Pesquisa da Escola de Enfermagem da UFMG propõe intervenção para jovens que usam dispositivos eletrônicos para fumar
Por: Assessoria de Imprensa UFMG
Adolescentes do ensino médio e jovens universitários das regiões Sudeste, Nordeste, Norte e Centro-Oeste do Brasil, que fazem uso de tabaco e Dispositivos Eletrônicos para Fumar (DEF) – vape, cigarros eletrônico, pod e narguilé – podem participar de um estudo em andamento no Departamento de Enfermagem Aplicada da Escola de Enfermagem da UFMG que aplicará uma intervenção digital via WhatsApp para reduzir ou parar o uso desses dispositivos.
A coleta de dados é feita por meio de questionários on-line, onde são preenchidas informações referentes a dados sociodemográficos, clínicos e comportamentais e caracterização de padrão de uso, para fins de adequação aos critérios de inclusão. Ao preencher os formulários, aqueles que apontarem uso de DEF recebem a intervenção digital via WhatsApp, com três avaliações posteriores do padrão de uso ao longo de seis semanas. No caso de menores de idade, é realizada uma reunião inicial com os pais ou responsáveis para obter a autorização.
Coordenadora do estudo, a professora da Escola de Enfermagem Erika Gisseth Leon Ramirez ressalta que o uso de Dispositivos eletrônicos para fumar tem se tornado uma epidemiologia preocupante na população infanto-juvenil no país, mas a falta de estudos relacionados a essa parcela populacional dificulta o desenvolvimento de políticas públicas. “Um levantamento de 2019 da Pesquisa Nacional de Saúde do Escolar (Pense) apontou que 26,9% dos estudantes já experimentaram o narguilé e 16,8% já experimentaram o cigarro eletrônico. No entanto, no contexto nacional, a ausência de dados detalhados sobre os componentes químicos inalados e as formas de consumo desses dispositivos limita a capacidade de desenvolver estratégias específicas de mitigação dos danos”, avalia.

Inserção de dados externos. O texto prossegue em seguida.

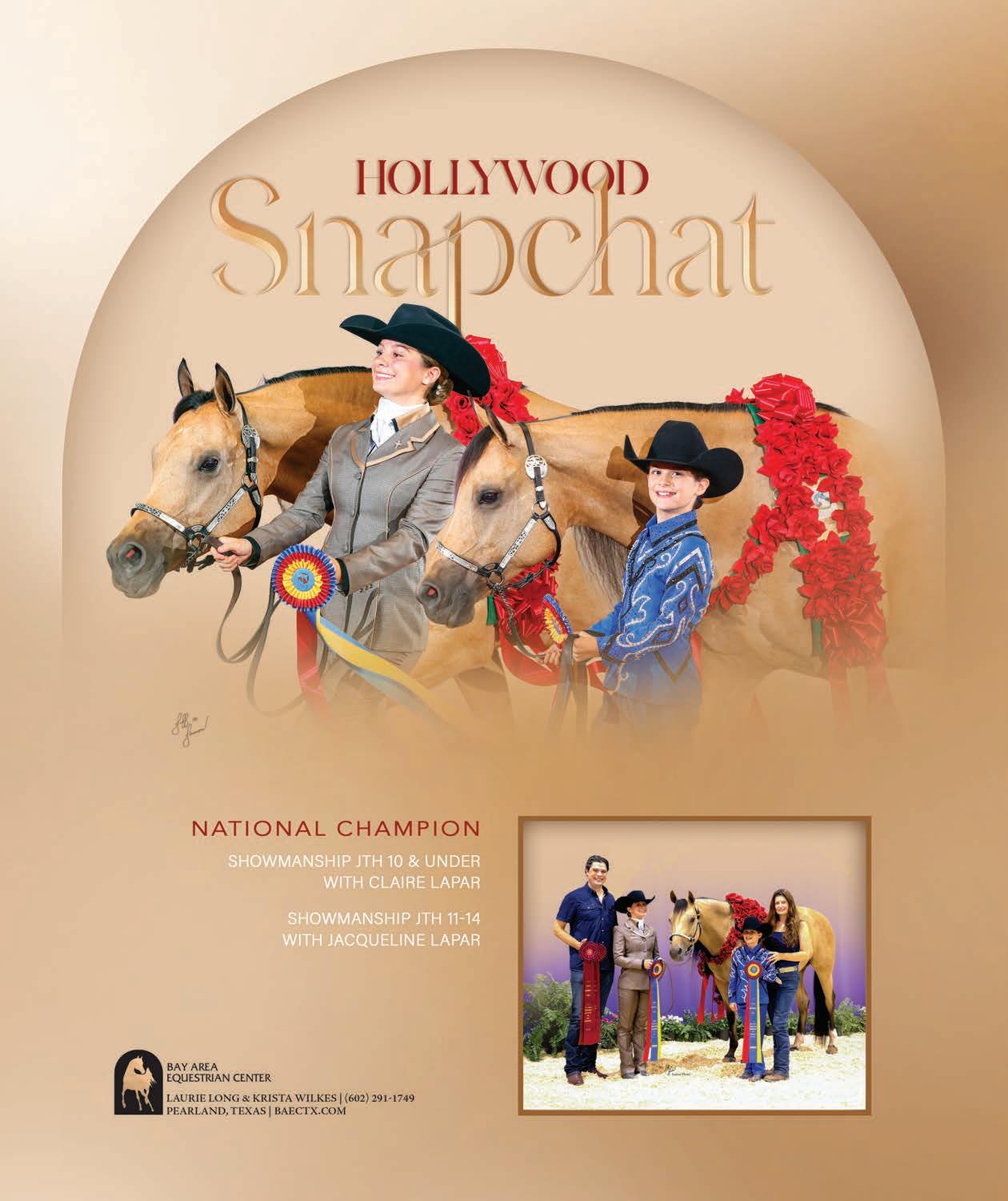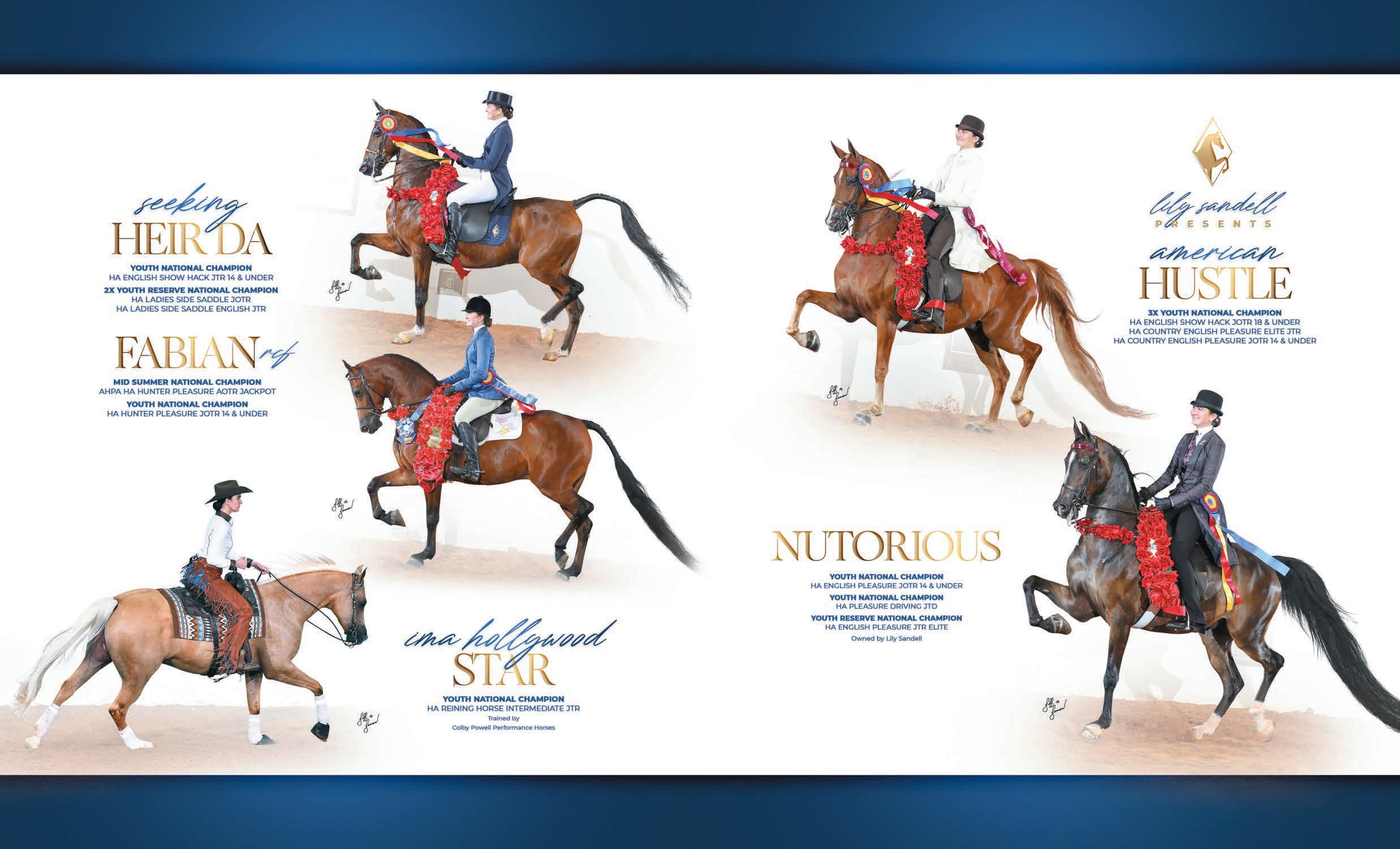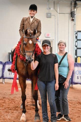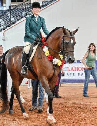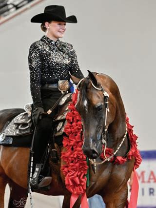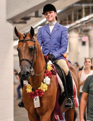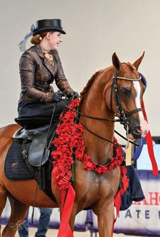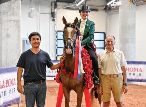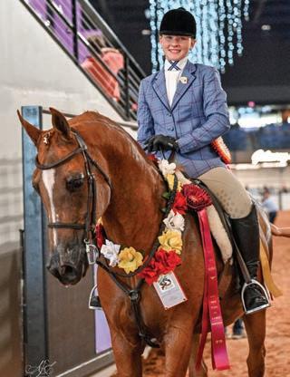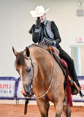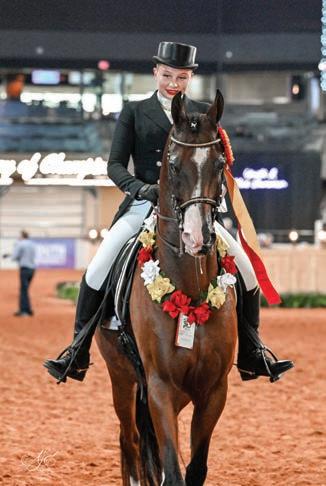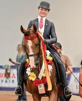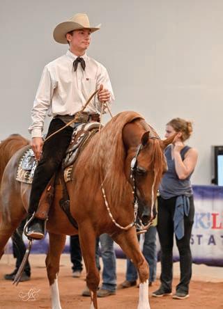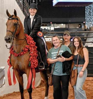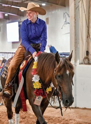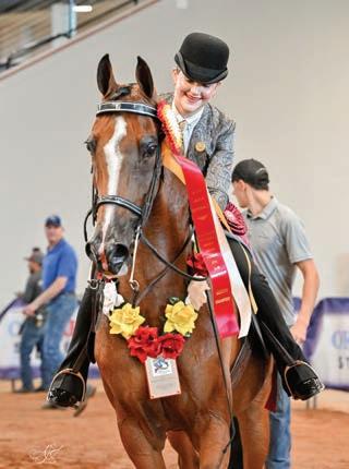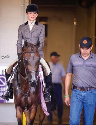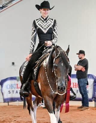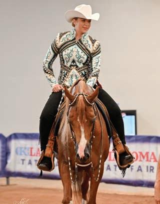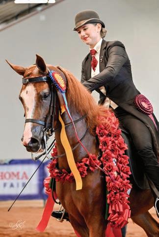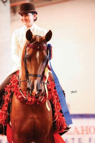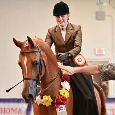 e lights were sparkling for all exhibitors and attendees in the new OG&E Colosseum at the Oklahoma City State Fairgrounds. Only in use for a couple months, this beautiful new arena housed the main ring performance classes where national championship titles were crowned in hunter pleasure, western pleasure, saddle seat, and specialty divisions. All the exhibitors appreciated having an updated and modern new arena to show in. e Performance arena was one of the busiest as it held the ever growing working western classes including ranch, reining, and trail. Across from the Performance ring, the jeans and hats were swapped for breeches and helmets at the Specialty arena where there was a constant ow of sport horse, dressage, equitation, and jumping classes. What makes this show so appealing to exhibitors is the wide range of division options o ered, as well as classes for youths, amateurs, and professionals. It’s a great option for families to show together and is a one-stop destination for a chance at a national title in every division you do.

Ela enfatiza que o tabagismo provoca graves consequências à saúde, sobretudo em crianças e adolescentes. “O uso dos DEF pode estar relacionado a prejuízos no sistema respiratório, incluindo inflamação das vias aéreas e comprometimento da função pulmonar, além de efeitos cardiovasculares, como aumento da pressão arterial e disfunção endotelial. Esses efeitos são particularmente preocupantes para a população infantil, visto que a exposição precoce a substâncias tóxicas pode comprometer o desenvolvimento pulmonar e predispor a condições respiratórias crônicas”, alerta.
Ainda segundo a pesquisadora, o atual Protocolo Clínico e Diretrizes Terapêuticas do Tabagismo (PCDT) não abrange as camadas mais jovens da população, sendo mais voltado para aconselhamento presencial, combinando suporte comportamental e medicamentoso. “A estratégia de intervenção breve, adotada na pesquisa, tem evidência robusta na mudança de comportamentos de risco na população infanto-juvenil, como o uso de substâncias psicoativas, que pode ser adaptada para diversos contextos e formatos, dentre eles o formato digital. É fundamental explorar intervenções que possam ser adaptadas para as demandas contemporâneas e que favoreçam a aproximação entre o conhecimento científico e a população infanto-juvenil”, completa.
Ramirez conclui que a integração de tecnologias em saúde é um relevante meio de integração da população infanto-juvenil e de abertura de diálogo para promover a sua saúde física e mental. “Os aplicativos apresentam-se como uma ferramenta promissora para a cessação do tabagismo devido à sua capacidade de fornecer intervenções personalizadas baseadas em diretrizes científicas, além de incorporar diversas estratégias comportamentais e educacionais, como mensagens motivacionais, lembretes personalizados, monitoramento do progresso, vídeos educativos e até mesmo suporte comunitário através de fóruns ou grupos de apoio virtual”, conclui.